* _Task input_:
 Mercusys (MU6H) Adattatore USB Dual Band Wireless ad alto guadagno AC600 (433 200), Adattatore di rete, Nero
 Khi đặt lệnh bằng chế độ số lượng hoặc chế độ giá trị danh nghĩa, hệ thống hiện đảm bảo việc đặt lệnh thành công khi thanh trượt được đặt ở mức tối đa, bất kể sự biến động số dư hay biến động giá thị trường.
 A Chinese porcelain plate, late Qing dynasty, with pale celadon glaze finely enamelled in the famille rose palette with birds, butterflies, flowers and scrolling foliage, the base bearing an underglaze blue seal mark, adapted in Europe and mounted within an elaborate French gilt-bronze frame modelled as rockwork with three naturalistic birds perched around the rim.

...

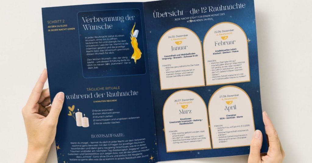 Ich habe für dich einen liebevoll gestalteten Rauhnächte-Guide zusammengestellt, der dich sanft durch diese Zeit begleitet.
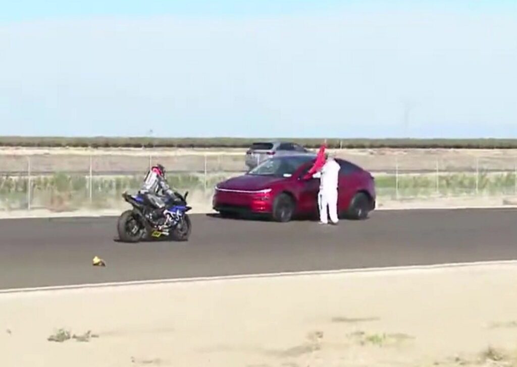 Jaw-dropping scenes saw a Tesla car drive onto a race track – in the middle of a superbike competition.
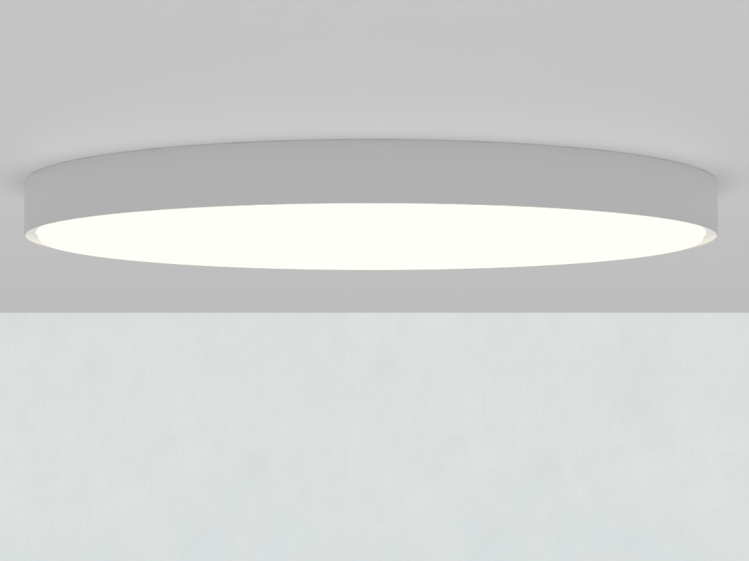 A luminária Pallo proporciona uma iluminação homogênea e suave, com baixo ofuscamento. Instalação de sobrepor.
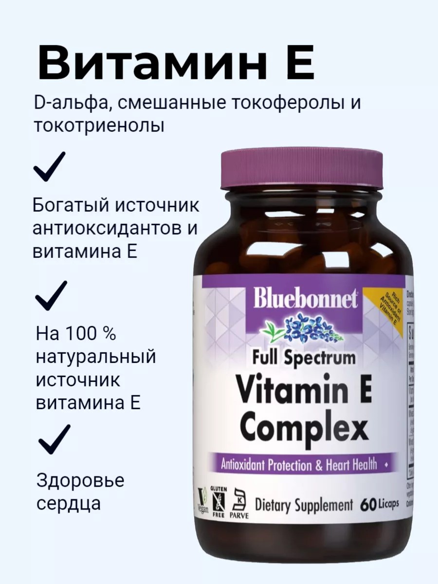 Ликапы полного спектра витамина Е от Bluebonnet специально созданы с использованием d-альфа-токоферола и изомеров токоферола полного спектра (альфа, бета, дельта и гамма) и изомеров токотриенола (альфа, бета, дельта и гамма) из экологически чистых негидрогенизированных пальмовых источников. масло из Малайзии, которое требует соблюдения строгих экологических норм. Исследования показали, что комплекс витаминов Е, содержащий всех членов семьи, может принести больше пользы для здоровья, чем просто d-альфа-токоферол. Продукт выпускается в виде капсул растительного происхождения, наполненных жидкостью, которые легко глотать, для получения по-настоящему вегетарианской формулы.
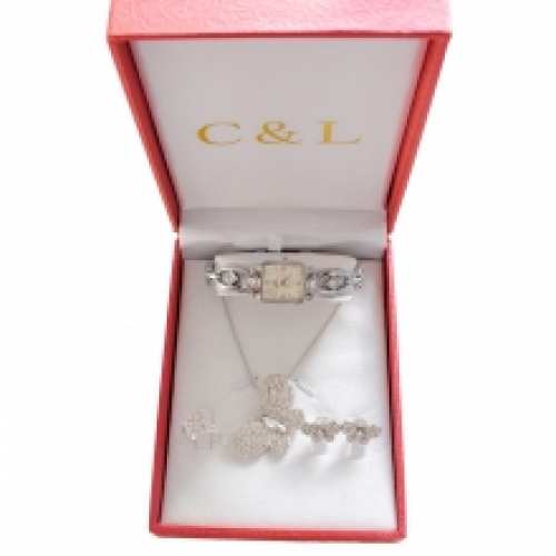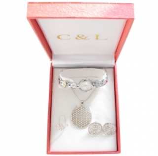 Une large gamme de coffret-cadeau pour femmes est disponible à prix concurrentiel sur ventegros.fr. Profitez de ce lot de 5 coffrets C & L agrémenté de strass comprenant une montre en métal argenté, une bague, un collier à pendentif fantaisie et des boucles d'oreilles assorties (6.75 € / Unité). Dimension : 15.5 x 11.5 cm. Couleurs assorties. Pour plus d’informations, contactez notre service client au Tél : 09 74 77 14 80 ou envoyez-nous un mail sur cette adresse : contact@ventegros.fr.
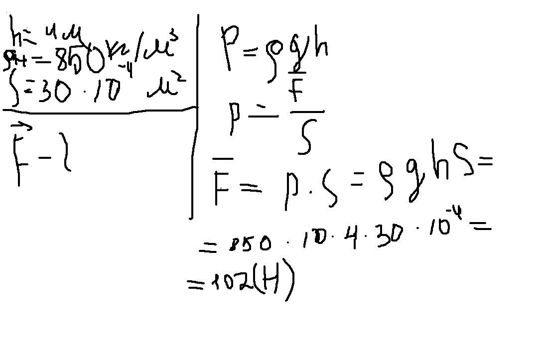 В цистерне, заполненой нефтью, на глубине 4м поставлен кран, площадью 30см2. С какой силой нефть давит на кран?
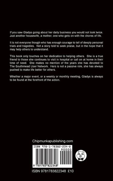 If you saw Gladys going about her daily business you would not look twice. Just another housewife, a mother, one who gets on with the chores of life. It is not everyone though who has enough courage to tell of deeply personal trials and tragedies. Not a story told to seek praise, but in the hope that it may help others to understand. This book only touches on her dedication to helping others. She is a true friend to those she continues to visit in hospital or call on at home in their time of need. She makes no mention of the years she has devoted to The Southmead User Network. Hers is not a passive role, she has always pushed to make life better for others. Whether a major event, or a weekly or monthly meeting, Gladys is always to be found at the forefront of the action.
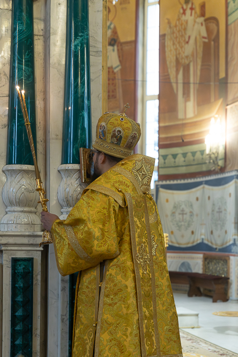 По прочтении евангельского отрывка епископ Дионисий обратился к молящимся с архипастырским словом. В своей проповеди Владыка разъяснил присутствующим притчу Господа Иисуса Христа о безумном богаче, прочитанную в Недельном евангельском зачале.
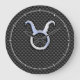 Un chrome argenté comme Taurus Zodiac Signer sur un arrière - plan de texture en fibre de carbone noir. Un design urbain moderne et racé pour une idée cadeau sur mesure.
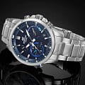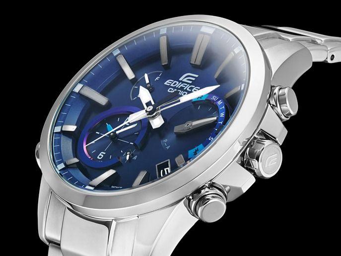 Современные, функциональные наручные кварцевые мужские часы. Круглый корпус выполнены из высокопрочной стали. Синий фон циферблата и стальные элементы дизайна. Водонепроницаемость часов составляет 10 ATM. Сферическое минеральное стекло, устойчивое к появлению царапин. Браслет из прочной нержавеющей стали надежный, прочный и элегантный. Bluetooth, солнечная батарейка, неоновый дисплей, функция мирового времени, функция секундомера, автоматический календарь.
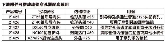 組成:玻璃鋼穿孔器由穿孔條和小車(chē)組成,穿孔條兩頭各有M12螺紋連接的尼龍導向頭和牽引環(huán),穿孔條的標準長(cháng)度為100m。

* _Your assignment_:
Starting at the line that contains "По прочтении евангельского" and ending at the line that contains "組成:玻璃鋼穿孔器由穿孔條和", transcribe the material above exactly, excluding pictures.

* _Answer to this task_:
 По прочтении евангельского отрывка епископ Дионисий обратился к молящимся с архипастырским словом. В своей проповеди Владыка разъяснил присутствующим притчу Господа Иисуса Христа о безумном богаче, прочитанную в Недельном евангельском зачале.
 Un chrome argenté comme Taurus Zodiac Signer sur un arrière - plan de texture en fibre de carbone noir. Un design urbain moderne et racé pour une idée cadeau sur mesure.
 Современные, функциональные наручные кварцевые мужские часы. Круглый корпус выполнены из высокопрочной стали. Синий фон циферблата и стальные элементы дизайна. Водонепроницаемость часов составляет 10 ATM. Сферическое минеральное стекло, устойчивое к появлению царапин. Браслет из прочной нержавеющей стали надежный, прочный и элегантный. Bluetooth, солнечная батарейка, неоновый дисплей, функция мирового времени, функция секундомера, автоматический календарь.
 組成:玻璃鋼穿孔器由穿孔條和小車(chē)組成,穿孔條兩頭各有M12螺紋連接的尼龍導向頭和牽引環(huán),穿孔條的標準長(cháng)度為100m。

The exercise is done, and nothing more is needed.